The records:

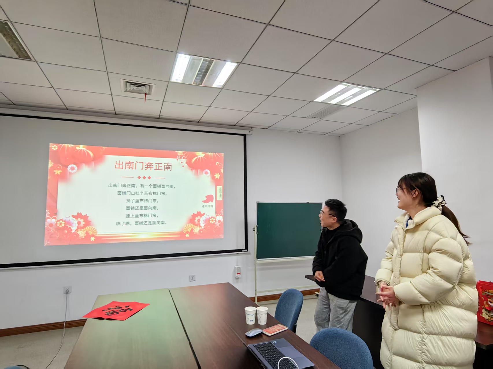 在“迎新春”活动环节,支部精心设置了写“福”迎新、“灯谜猜猜”、绕口令、报歌名等活动。全体人员积极参与,现场欢声笑语,墨香阵阵,一个个饱含神韵的“福”字,寄予了大家对未来美好生活的新期许。
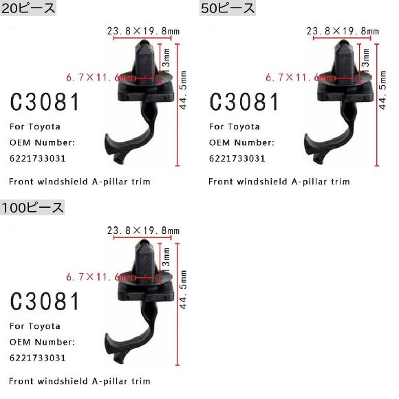 バンパー ファスナー 6221733031 適用: トヨタ カムリ XV40 フロント シールド Aピラー トリム プラグ 100ピース AL-MM-0691 AL
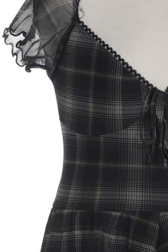 | Details | Rüschen, Tüll, Kurzarm, V-Ausschnitt, Kariert |
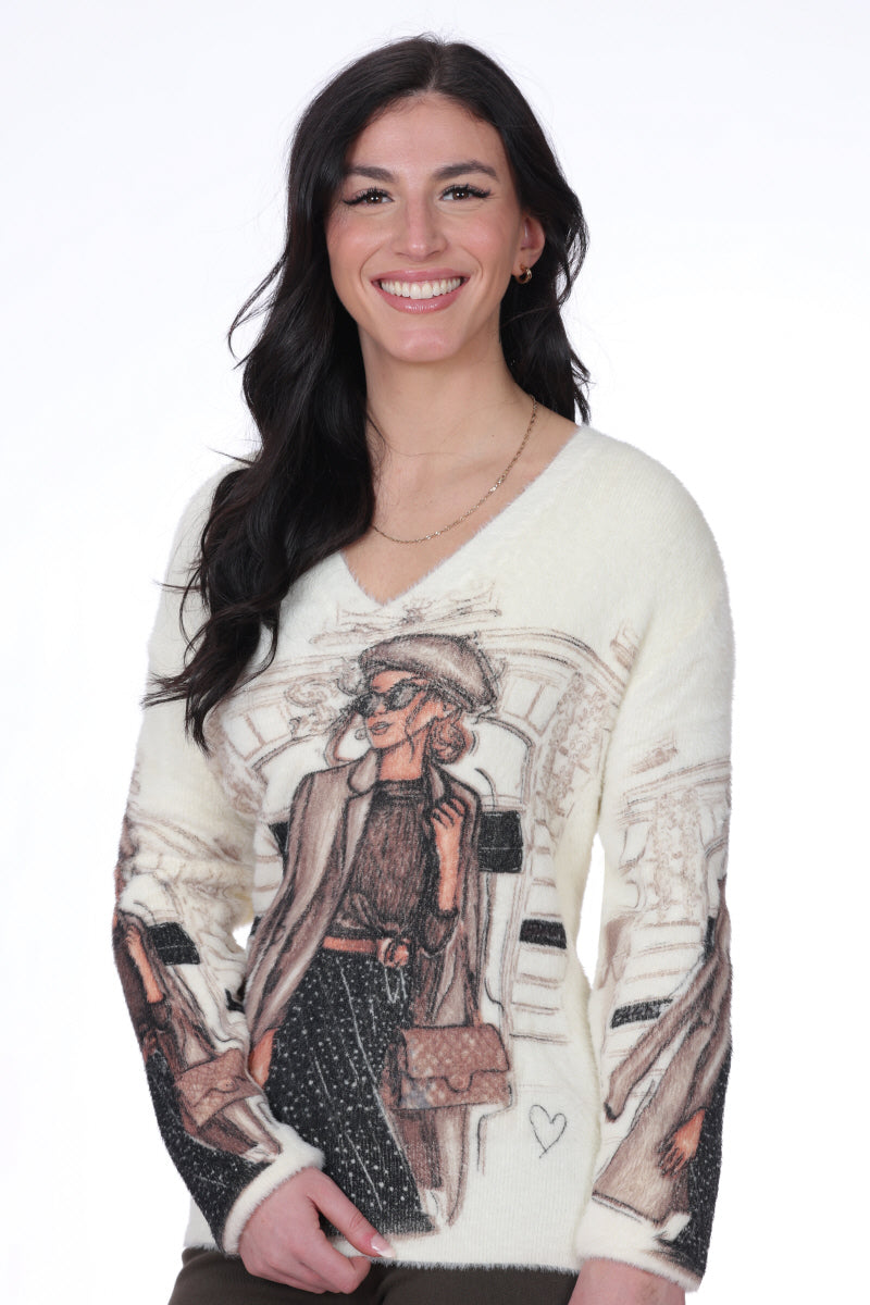 Chandail Effet Peluche Col en V
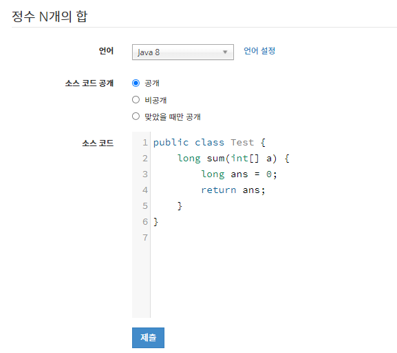 - Java: long sum(int[] a); (클래스 이름: Test)
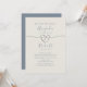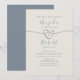 Fira din kärlek med denna eleganta dammiga blå bröllopsinbjudan, med en minimalistisk layout, romantiska typsnitt och en delikat silverrep hjärtsymbol. Med en mjuk, neutral bakgrund och tidlös typografi är denna design perfekt för efterbröllopsfirande, moderna bröllop eller intima sammankomster. Ett förfinat sätt att säga ”Vi har bundit oss!”—idealiskt för par som söker en ren och hjärtlig inbjudan till mottagningen.
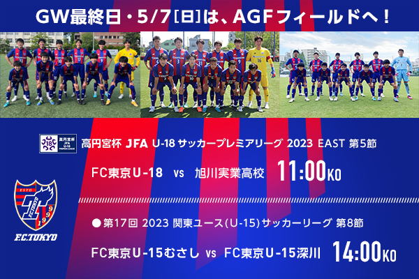 みなさまお誘い合わせの上、AGFフィールドへお越しいただき、FC東京U-18、FC東京U-15むさし、FC東京U-15深川への熱いご声援をよろしくお願いいたします!
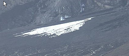 Ca fait bien étalement d'avalanche... style chute de séracs.... et comme il y a les deux canyons, dont on ne voit pas le fond, pour canaliser ces chutes au dessus ca me parrait plausible...

What is required:
Repeat all of the entries above exactly. Keep pictures out of it.

Answer section:
 在“迎新春”活动环节,支部精心设置了写“福”迎新、“灯谜猜猜”、绕口令、报歌名等活动。全体人员积极参与,现场欢声笑语,墨香阵阵,一个个饱含神韵的“福”字,寄予了大家对未来美好生活的新期许。
 バンパー ファスナー 6221733031 適用: トヨタ カムリ XV40 フロント シールド Aピラー トリム プラグ 100ピース AL-MM-0691 AL
 | Details | Rüschen, Tüll, Kurzarm, V-Ausschnitt, Kariert |
 Chandail Effet Peluche Col en V
 - Java: long sum(int[] a); (클래스 이름: Test)
 Fira din kärlek med denna eleganta dammiga blå bröllopsinbjudan, med en minimalistisk layout, romantiska typsnitt och en delikat silverrep hjärtsymbol. Med en mjuk, neutral bakgrund och tidlös typografi är denna design perfekt för efterbröllopsfirande, moderna bröllop eller intima sammankomster. Ett förfinat sätt att säga ”Vi har bundit oss!”—idealiskt för par som söker en ren och hjärtlig inbjudan till mottagningen.
 みなさまお誘い合わせの上、AGFフィールドへお越しいただき、FC東京U-18、FC東京U-15むさし、FC東京U-15深川への熱いご声援をよろしくお願いいたします!
 Ca fait bien étalement d'avalanche... style chute de séracs.... et comme il y a les deux canyons, dont on ne voit pas le fond, pour canaliser ces chutes au dessus ca me parrait plausible...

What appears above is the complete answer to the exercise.